YOUR OBJECTIVE:
Omit all pictures and transcribe only the lines in the entries below that run from the line with "Η Διαχειριστική Επιτροπή" through the line with "First Time Travel".

MATERIAL PROVIDED:
........
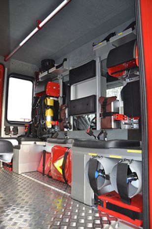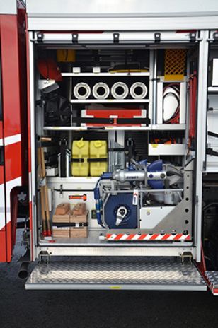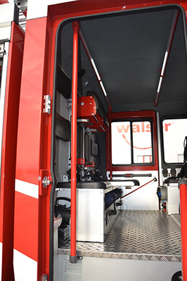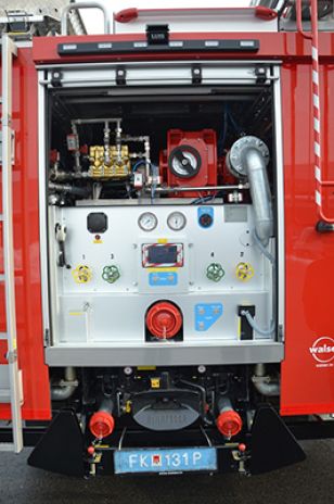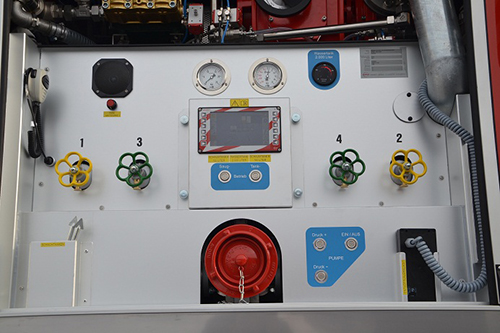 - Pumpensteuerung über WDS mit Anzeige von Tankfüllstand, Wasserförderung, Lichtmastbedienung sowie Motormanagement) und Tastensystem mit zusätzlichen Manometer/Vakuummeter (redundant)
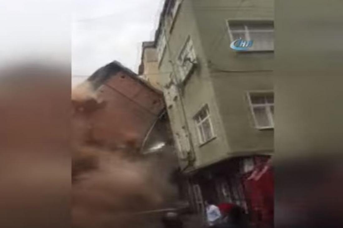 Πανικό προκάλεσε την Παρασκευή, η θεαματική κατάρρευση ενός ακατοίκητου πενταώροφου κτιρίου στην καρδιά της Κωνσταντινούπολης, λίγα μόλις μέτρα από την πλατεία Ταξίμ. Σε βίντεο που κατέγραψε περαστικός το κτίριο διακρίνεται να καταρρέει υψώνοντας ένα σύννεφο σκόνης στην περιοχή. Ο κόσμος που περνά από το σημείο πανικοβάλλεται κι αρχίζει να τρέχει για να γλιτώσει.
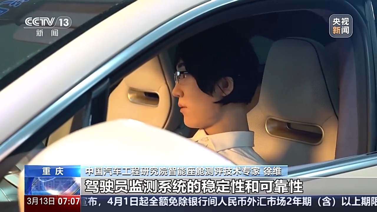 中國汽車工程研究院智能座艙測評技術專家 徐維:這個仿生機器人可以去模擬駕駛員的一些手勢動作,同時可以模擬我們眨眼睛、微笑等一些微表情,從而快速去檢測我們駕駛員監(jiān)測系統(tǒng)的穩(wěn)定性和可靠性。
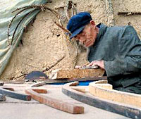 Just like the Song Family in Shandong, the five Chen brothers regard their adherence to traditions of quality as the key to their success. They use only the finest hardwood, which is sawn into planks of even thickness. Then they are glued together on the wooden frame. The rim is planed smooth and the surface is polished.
........
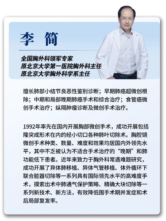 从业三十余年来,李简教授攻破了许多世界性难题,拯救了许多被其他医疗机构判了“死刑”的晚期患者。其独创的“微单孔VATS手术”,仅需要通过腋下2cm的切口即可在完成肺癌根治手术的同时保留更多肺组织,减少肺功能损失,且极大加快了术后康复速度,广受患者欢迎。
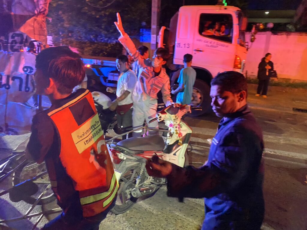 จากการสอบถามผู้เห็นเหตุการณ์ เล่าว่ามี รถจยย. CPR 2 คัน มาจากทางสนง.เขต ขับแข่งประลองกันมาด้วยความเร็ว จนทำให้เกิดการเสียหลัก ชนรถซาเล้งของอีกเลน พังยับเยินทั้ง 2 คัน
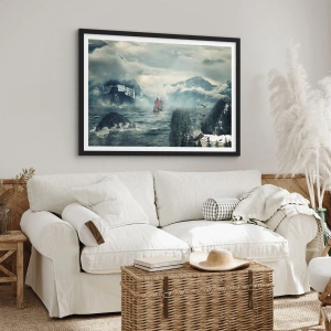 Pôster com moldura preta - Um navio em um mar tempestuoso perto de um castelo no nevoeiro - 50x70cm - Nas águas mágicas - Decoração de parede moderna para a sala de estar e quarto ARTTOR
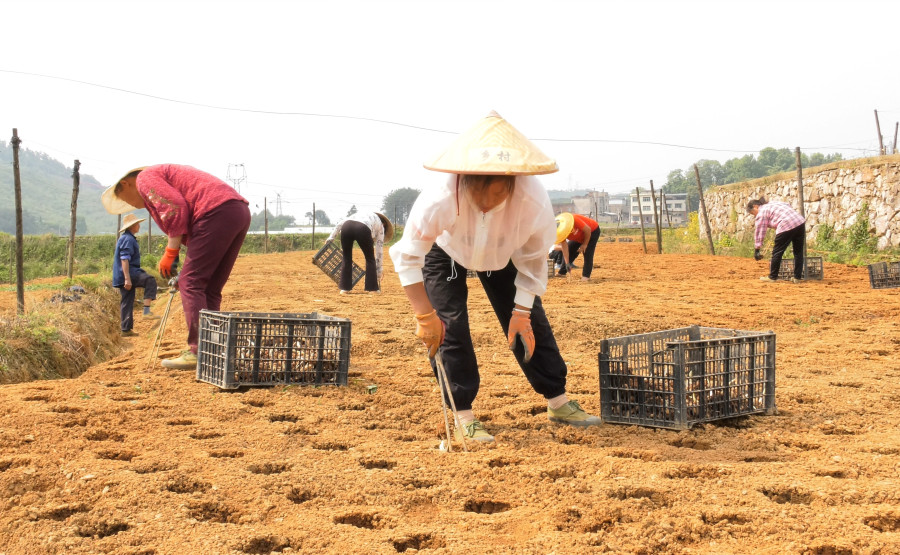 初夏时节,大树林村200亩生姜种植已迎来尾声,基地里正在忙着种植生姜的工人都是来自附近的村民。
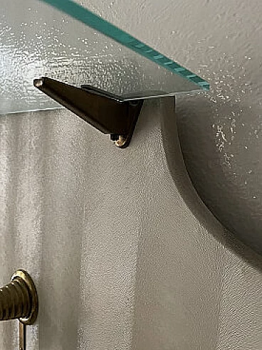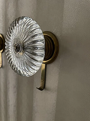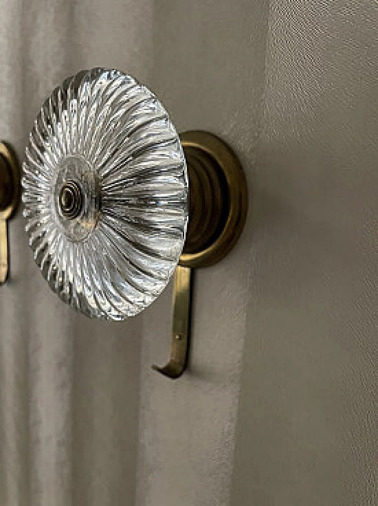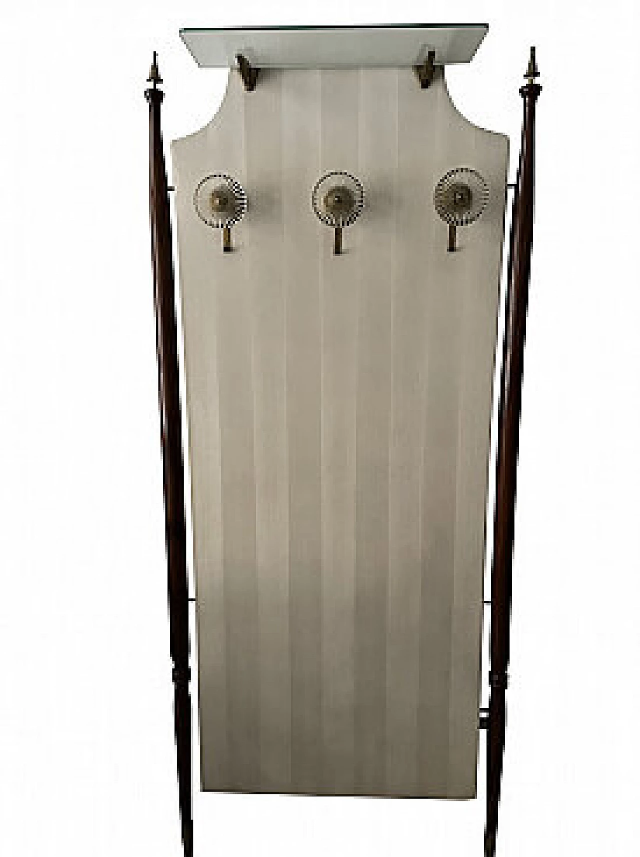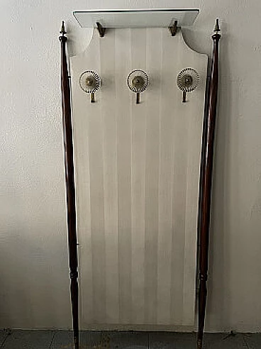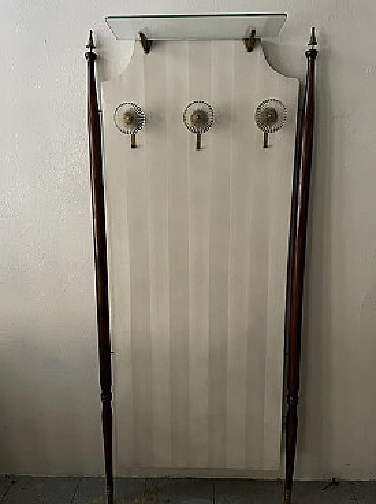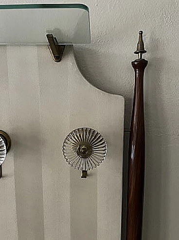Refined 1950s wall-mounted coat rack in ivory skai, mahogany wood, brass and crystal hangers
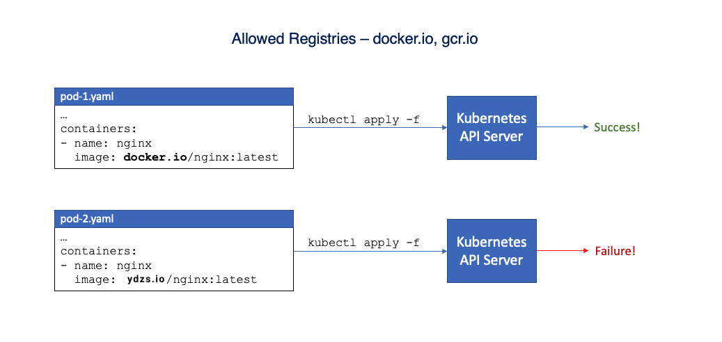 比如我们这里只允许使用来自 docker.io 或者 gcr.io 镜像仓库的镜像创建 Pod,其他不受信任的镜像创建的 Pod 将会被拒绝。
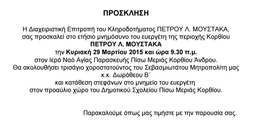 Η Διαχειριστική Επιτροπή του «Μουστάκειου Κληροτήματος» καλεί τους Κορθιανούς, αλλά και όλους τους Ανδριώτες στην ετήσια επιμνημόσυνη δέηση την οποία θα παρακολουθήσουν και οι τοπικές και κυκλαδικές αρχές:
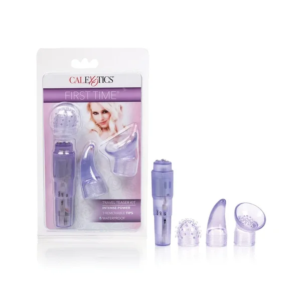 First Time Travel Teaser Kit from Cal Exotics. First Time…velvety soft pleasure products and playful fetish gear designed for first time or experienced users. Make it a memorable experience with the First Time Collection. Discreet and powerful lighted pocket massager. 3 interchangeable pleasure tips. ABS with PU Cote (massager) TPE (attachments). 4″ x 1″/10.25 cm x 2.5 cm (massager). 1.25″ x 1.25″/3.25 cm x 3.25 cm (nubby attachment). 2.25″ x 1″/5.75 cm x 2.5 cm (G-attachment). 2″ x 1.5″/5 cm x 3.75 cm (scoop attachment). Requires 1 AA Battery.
........
EXPECTED OUTPUT:
 Η Διαχειριστική Επιτροπή του «Μουστάκειου Κληροτήματος» καλεί τους Κορθιανούς, αλλά και όλους τους Ανδριώτες στην ετήσια επιμνημόσυνη δέηση την οποία θα παρακολουθήσουν και οι τοπικές και κυκλαδικές αρχές:
 First Time Travel Teaser Kit from Cal Exotics. First Time…velvety soft pleasure products and playful fetish gear designed for first time or experienced users. Make it a memorable experience with the First Time Collection. Discreet and powerful lighted pocket massager. 3 interchangeable pleasure tips. ABS with PU Cote (massager) TPE (attachments). 4″ x 1″/10.25 cm x 2.5 cm (massager). 1.25″ x 1.25″/3.25 cm x 3.25 cm (nubby attachment). 2.25″ x 1″/5.75 cm x 2.5 cm (G-attachment). 2″ x 1.5″/5 cm x 3.75 cm (scoop attachment). Requires 1 AA Battery.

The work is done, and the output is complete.